Nagpur: Restricted to men over the years, a small group of 200 Muslim women would offer Friday prayers or Jumah Namaz at women-friendly masjids in Mumbai, Nagpur and 14 other cities across India on November 4.
The weekly congregation is compulsory for every practising Muslim. It comprises sermon and special prayer which makes it unique from the daily afternoon prayer ‘Zohar’. Lack of separate arrangements and prevailing male hegemony had kept women away from offering prayers in masjids for long.
The masjids identified as women-friendly have been profiled through the personal experiences of these women who engaged talks with the imams and management to allow them in since the last few years.
The initiative is planned under Muslim Women in Masjid project started by a collective Muslim Women Study Circle (MWSC) formed during the anti-CAA protest in 2019. The group aims to initiate, inspire and document women's prayer spaces in India.
MWSC has launched the campaign ‘Women in Masjid’ in Guwahati, Dimapur, Jamshedpur, Bengaluru, Saharanpur, Kolkata, Purnea, Agra, Berhampore, Delhi, Hyderabad, Srinagar and Aligarh beside Nagpur and Mumbai.
The group has prepared a catalog of women friendly masjids in these cities.
Tuba Sanober, a law student and program manager of the project for MWSC, said many masjids already have special arrangement for women to offer prayers on all days and anytime not just on Fridays. “Our members including myself realized that some masjids may not have space enough to accommodate women during Fridays but they too are open for us on other days when the footfalls are low,” she said.
She said it is a Sunnah (tradition of the Prophet) to offer namaz in masjid. “We must remember the Prophet’s clear commands and ensure that on one prevents women from coming to the masjid.

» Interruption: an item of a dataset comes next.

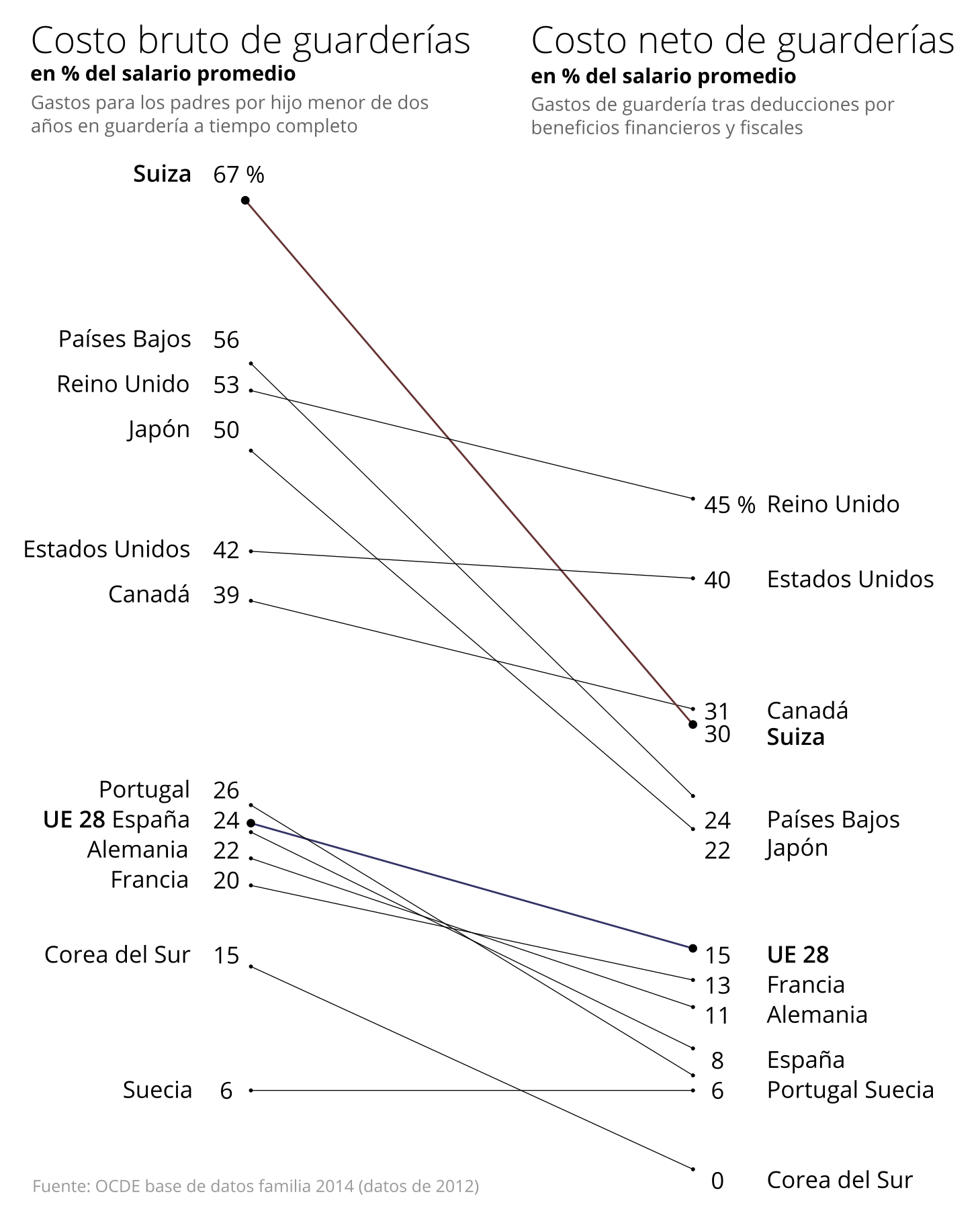 Estudios internacionales lo confirman. Con una factura que se eleva a dos terceras partes del salario promedio por una plaza de guardería a tiempo completo, Suiza se sitúa a la cabeza de los países de la OCDE en lo que atañe a los costos para el cuidado extrafamiliar.

We endeavour to make the masjid’s doors open for everyone – men, women, persons with special needs, and kids. Mosques should be accessible like they were in our beloved Prophet’s time,” she said.
The group has been taking steps towards this for the past two years. The initiative was first attempted on December 6 last year which coincided with the Babri Masjid demolition anniversary. Since then the women had been documenting their experiences and cataloguing such masjids where they have been allowed to pray.
“For us, a masjid is more than just its physical structure. It is the house of God and a place of worship. Where we are inspired to be the best of ourselves through soul-stirring khutbas (sermon) and befriend sisters in faith and learn our deen (religion). It is a place where we discover some of our identity and become a part of a large active community,” Sanober said.